Еще ниже, наискосок, над самым сучком, было нацарапано: «Йоз. Майер», а рядом: «л т зап. кав. Ж. Кр. 1 й и 2 й ст.» – Йозеф Майер, лейтенант
запаса, кавалер ордена Железного Креста 1 й и 2 й степени.
Майер, по видимому, не мог забыть об этом. Он не мог не отравить себе даже свои последние дни. Он участвовал в первой мировой войне, он стал
офицером и удостоился наград; поскольку он был евреем, ему приходилось стараться вдвое больше, чем любому другому. А потом, позже, опять же
потому, что он был евреем, его сунули в концентрационный лагерь и уничтожили, как насекомое. Он был, конечно, убежден, что ввиду его заслуг на
фронте к нему отнеслись гораздо несправедливее, чем к другим. Он заблуждался, и от этого его смерть была еще тяжелей. Несправедливость
заключалась не в тех словах, которые он присовокупил к своему имени. Они были всего лишь жалкой иронией.
Ромб света медленно полз дальше.

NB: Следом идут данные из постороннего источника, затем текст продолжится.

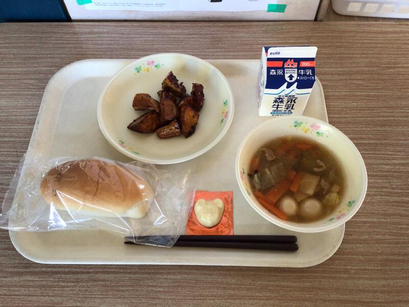 牛乳、コッペパン、八宝菜、大学芋、チーズ

Хаим, Рубен и Мойше Вольф, которых он лишь коснулся одним уголком, снова погрузились во тьму. Зато показались
две другие надписи. Одна из них состояла всего из двух букв: Ф. М. Тот, кто нацарапал их гвоздем на стене, ценил себя гораздо меньше, чем
лейтенант Майер. Казалось, даже собственное имя стало ему почти безразличным. И все же он не пожелал исчезнуть, не оставив совсем никакого
следа. Чуть ниже снова стояло полное имя, написанное карандашом: «Тевье Ляйбеш со своими». А рядом, торопливо – начало еврейской молитвы Каддиш:
«Йис гадал…»
509 й знал, что через несколько минут светлое пятно доберется до полустертой надписи: «Пишите Лее Занд – Нью Йорк…» Названия улицы было не
разобрать. Дальше было написано: «Отец…» – и после прогнившего участка дерева: «… умер. Ищите Лео.» Похоже, Лео удалось спастись, однако
старания написавшего это оказались напрасными: ни один из бесчисленных обитателей барака так и не смог принести Лее Занд из Нью Йорка вести о
судьбе ее близких. Никому не удалось выйти оттуда живым.
509 й неподвижно сидел, уставившись отсутствующим взглядом на стену. Поляк Зильбер, когда он еще лежал в этом бараке с истекающими кровью
кишками, прозвал эту стену стеной плача. Он тоже знал большинство надписей наизусть и поначалу даже предлагал пари – какой из них пятно света
коснется первой. Вскоре Зильбер умер, а эти имена по прежнему жили своей призрачной жизнью, появляясь в солнечные дни на несколько мгновений и
снова погружаясь во тьму. Летом, когда солнце поднималось выше, показывались и другие, нацарапанные внизу надписи, а зимой четырехугольник
скользил лишь поверху.
Но их было много – русских, польских, еврейских надписей, так и оставшихся невидимыми, потому что свет никогда не падал
на них. Барак был собран слишком быстро, и эсэсовцы не успели позаботиться о том, чтобы отскоблили стены. Обитателей его эти стены волновали еще
меньше, а тем более надписи в нижней, неосвещенной части стен. Никто даже не пытался расшифровать их. Да и какой идиот захотел бы пожертвовать
драгоценной спичкой только ради того, чтобы лишиться последних остатков надежды?..
509 й отвернулся. Он больше не хотел этого видеть. Он вдруг почувствовал приступ какого то нового, еще неизвестного ему одиночества – словно что
то невидимое и непонятное пролегло между ним и теми, кто его окружал, лишив их способности понимать друг друга. Он помедлил еще немного, потом,
не выдержав, пробрался на ощупь к двери и выполз наружу.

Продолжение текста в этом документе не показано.